And for a second, it's unbearable.
Not the intensity.
The clarity.
Like every ugly, twisted, jagged piece of him is laid bare, and she doesn't even flinch.
She sees him.
She recognizes him.
And he--
He would burn cities to keep her from looking away.
There's a moment.
A heartbeat.
A breath.
She's so close now.
Their hands are still clasped.
His free hand drifts upward, hovering just beside her cheek, not quite touching.
Their mouths are inches apart.
Inches.
The world holds its breath.
And--
They don't kiss.
They almost do.
But almost is enough to set the fire between them ablaze.
Suki looks away first, breaking the spell.
Dex lets go of her hand.
And for a moment, she misses the weight of it.
She steps back onto the stairs.
Dex watches her climb.
Watches her pause at the top.
"Goodnight, Dex."
Her voice is soft. Real.
"Goodnight, Suki."
His voice is rough.
She disappears inside.
And he doesn't leave.
He stands on the sidewalk, the rain starting to fall in delicate sheets.
Watching her window.
Watching the only light in the world that makes him feel seen.
Dex's morning begins like every other.
That's what keeps the world from falling apart.
He wakes without needing an alarm, sits at the edge of his perfectly made bed for exactly sixty seconds, then stands. Stretches. Breathes in once. Breathes out twice. Feels the shape of the silence before he moves through it.
He showers for seven minutes. Never six. Never eight.
He gets dressed in order: undershirt, button-down, socks, belt, pants, shoes. Suit jacket on the chair. Not yet.
In the kitchen, he pours coffee into the white mug. His mug. The one that fits his fingers like a weapon, heavy with the comfort of control. He sits at his dining room table, the exact center chair, back perfectly straight, and reads the paper, left to right, skipping nothing. Crime section first. Then politics. Then letters to the editor. Always in that order.
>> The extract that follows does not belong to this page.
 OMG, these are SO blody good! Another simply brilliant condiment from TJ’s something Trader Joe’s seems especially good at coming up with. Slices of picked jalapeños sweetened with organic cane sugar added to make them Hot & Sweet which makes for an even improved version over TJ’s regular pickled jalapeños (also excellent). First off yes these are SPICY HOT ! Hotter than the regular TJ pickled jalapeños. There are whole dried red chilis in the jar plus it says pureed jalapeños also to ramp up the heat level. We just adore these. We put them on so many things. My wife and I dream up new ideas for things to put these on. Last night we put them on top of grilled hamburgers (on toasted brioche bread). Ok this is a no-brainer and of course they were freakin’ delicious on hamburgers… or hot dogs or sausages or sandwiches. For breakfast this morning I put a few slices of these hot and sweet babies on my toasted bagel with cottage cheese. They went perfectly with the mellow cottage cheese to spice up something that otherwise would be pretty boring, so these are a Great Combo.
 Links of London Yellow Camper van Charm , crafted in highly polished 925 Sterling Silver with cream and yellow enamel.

He drinks in three sections.
Never two. Never four.
When the coffee is gone, he rinses the mug, scrubs it gently by hand with a soft yellow sponge. He places it upside down on the drying rack, beside the other white mug, her mug.
It's identical, but he knows the difference.
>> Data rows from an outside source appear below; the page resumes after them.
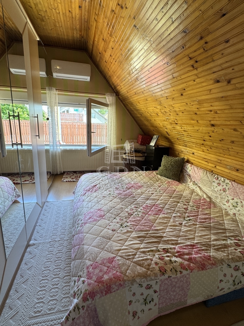 A gyönyörűen gondozott, parkosított 587 nm-es kertben, ami kiváló helyszín a kikapcsolódásra és családi összejövetelekre, 2 db teljesen külön bejáratú ház található.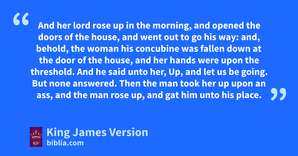 16 And, behold, there came an old man from his work out of the field at even, which was also of imount Ephraim; and he sojourned in Gibeah: but the men of the place were jBenjamites. 17 And when he had lifted up his eyes, he saw a wayfaring man in the street of the city: and the old man said, Whither goest thou? and whence comest thou? 18 And he said unto him, We are passing from Beth-lehem-judah toward the side of mount Ephraim; from thence am I: and I went to Beth-lehem-judah, but I am now going to kthe house of the Lord; and there is no man that †receiveth me to house. 19 Yet lthere is both straw and provender for our asses; and there is bread and wine also for me, and for thy handmaid, and for the young man which is with thy servants: there is mno want of any thing. 20 And the old man said, nPeace be with thee; howsoever let all thy wants lie upon me; only olodge not in the street. 21 So he brought him into his house, and gave provender unto the asses: and pthey washed their feet, and did eat and drink. 22 Now as they were making their hearts merry, behold, the men of the city, certain qsons of Belial, beset the house round about, and beat at the door, and spake to the master of the house, the old man, saying, rBring forth the man that came into thine house, that we may know him. 23 And the man, the master of the house, went out unto them, and said unto them, sNay, my brethren, nay, I pray you, do not so wickedly; seeing that this man is come into mine house, tdo not this folly. 24 uBehold, here is my daughter a maiden, and his concubine; them I will bring out now, and whumble ye them, and do with them xwhat seemeth good unto you: but unto this man do not †so vile a thing. 25 But the men would not hearken to him: so the man took his concubine, and brought her forth unto them; and they knew her, and yabused her all the night until the morning: and when the day began to spring, they let her go. 26 Then came the woman zin the dawning of the day, and fell down at the door of the man’s house where her lord was, till it was light. 27 And her lord rose up in the morning, and opened the doors of the house, and went out to go his way: and, behold, the woman his concubine was fallen down at the door of the house, and her hands were upon the athreshold. 28 And he said unto her, Up, and let us be going. But bnone answered. Then the man took her up upon an ass, and the man rose up, and gat him unto his place.
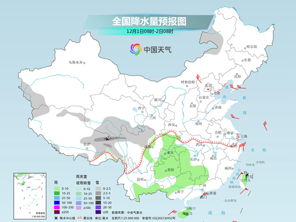具體來(lái)看,今天山東半島、黑龍江東部和中部、新疆南疆西部山區(qū)、西藏北部和東部、青海南部、川西高原北部、陜西南部、湖北西北部等地部分地區(qū)有小到中雪或雨夾雪,其中,山東半島、川西高原北部等地部分地區(qū)有大到暴雪。四川盆地、湖南北部和南部、江西南部、福建中西部、湖北南部、貴州大部、云南東部、廣西、廣東北部、海南島、臺(tái)灣島中北部等地部分地區(qū)有小到中雨,其中,海南島東部、臺(tái)灣島北部局地有大雨。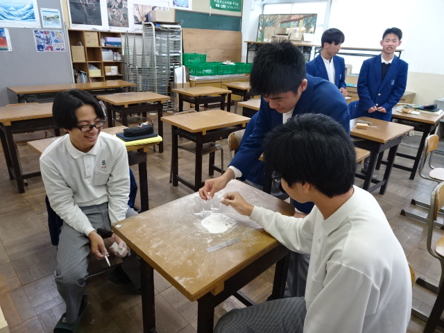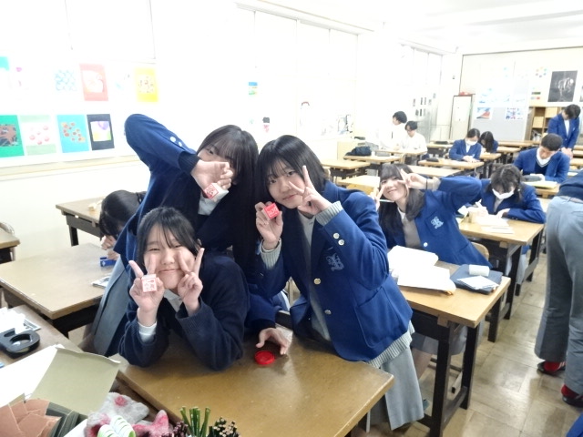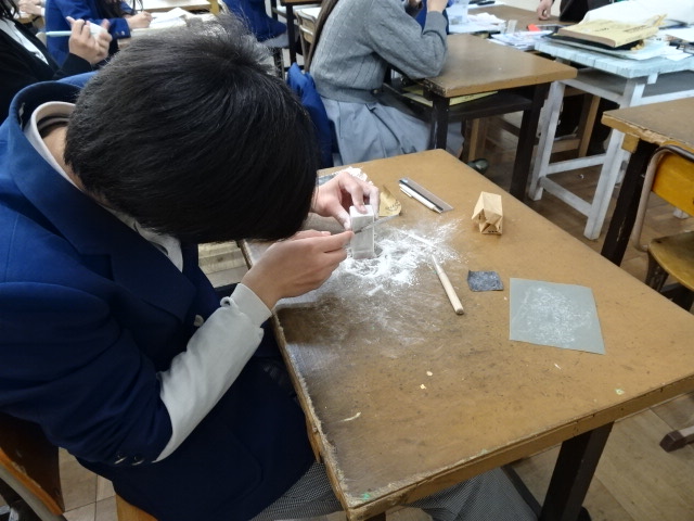 3年美術 ハンコ彫刻 学校生活 Twitter Facebook はてブ Pocket LINE コピー 2026.01.28 3年生美術の授業では彫刻によるハンコ制作を行っています。ほとんどの人が自分の名前を彫刻して、素敵なハンコが仕上がってきています。終わってしまって削ったときにでる「白い粉」で遊んでいる人たちも…(笑) 閲覧数: 23

He hasn't offered it to her yet.
But someday, he will.
Today?
He just lines them up, rim to rim, two white circles of calm in a world that won't stop spinning.
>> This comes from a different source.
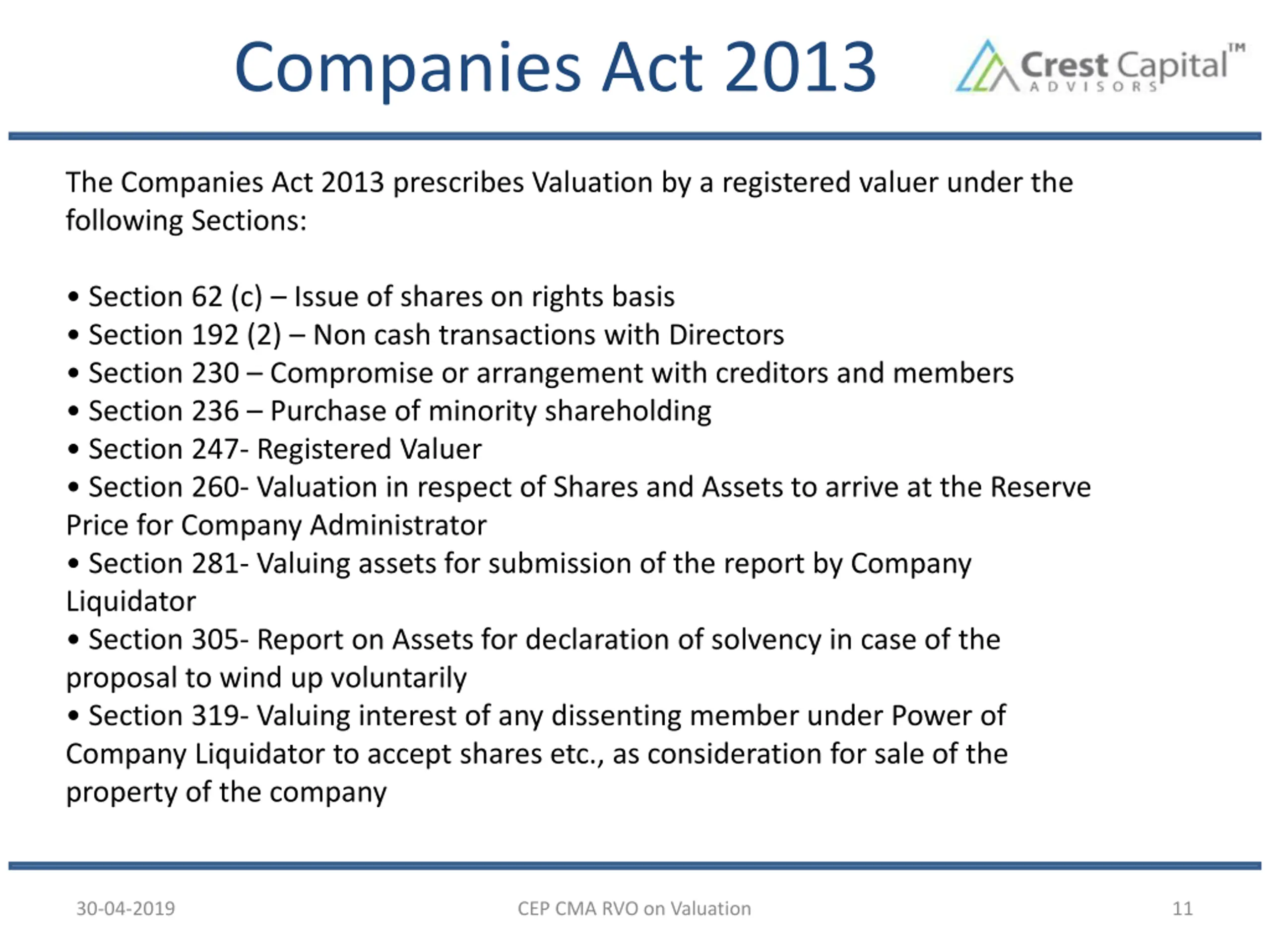 Key Pointers Valuation Scenario History Importance Statues 30-04-2019 CEP CMA RVO on Valuation 2

He puts on his suit jacket.
And walks out the door.
He doesn't head toward the hotel.
Not yet.
He turns east.
Toward her.
The morning is cool and damp, the streets still slick with last night's rain. New York breathes fog and low noise. He walks past commuters and shuttered bodegas, moving like a man on a mission. His mind replays the night before on loop, the almost, the hush, the heat of her hand in his.
He didn't sleep.
Not because he couldn't.
Because he didn't want to.
He didn't want to miss the sound of her.
He reaches her apartment.
And knocks.
Once.
Twice.
A pause.
Then the sound of footsteps, light, fast, barefoot.
She checks the peephole.
He sees the shadow of her eye.
Then the door creaks open, only a sliver at first.
And there she is.
Suki Higashikokubaru.
Dripping wet.
A towel wrapped around her body, clinging low across her chest. Water clings to her collarbone, her shoulders, the backs of her knees. Her hair is damp, dark, sticking to her skin in lazy waves. She blinks at him, disoriented, caught off-guard, her breath just a little too fast.
And Dex?
Dex reads her like scripture.
The flushed skin.
The dilated pupils.
The faint tremble in her fingers.
She wasn't just showering.
She was touching herself again.
His pulse spikes.
But he doesn't say a word.
He just smiles, small, polite, composed.
Barely.
"I'm here to walk you to work," He says.
Suki blinks again.
For the first time in as long as she can remember, she's flustered.
"...Right," She says, gripping the edge of the door tighter, "I... wasn't expecting anyone."
"I know."
He doesn't offer more than that.
She opens the door a little wider, still angled behind it, "Give me a second."
Then, against all her better judgment--
She lets him in.
Dex steps inside.
Quiet. Controlled.
His eyes scan the apartment automatically, still mostly unpacked. Books in neat piles. One framed photo on the bookshelf: her mother.
He doesn't sit.
He just watches.
She disappears behind the bedroom door, still dripping.
He hears the water turn on again, just briefly. A rinse. A reset.
He stares at the towel she left hanging near the door. Still warm.
Minutes later, she steps back out.
Fully dressed now. Dark slacks, black blouse, gold studs in her ears. Her damp hair now blow-dried smooth, parted perfectly. She looks calm again. Composed. But he can still see the edges of her disarray, tucked behind her eyelids.
And God, it kills him.
The things his mind conjures.
The image of her in the shower, lips parted, fingers pressed between her thighs, breath hitching quietly. He doesn't need to guess, he knows what she likes now. Knows the rhythm. The hesitation. The quiet, restrained way she unwinds.
It takes everything in him not to think about it right now.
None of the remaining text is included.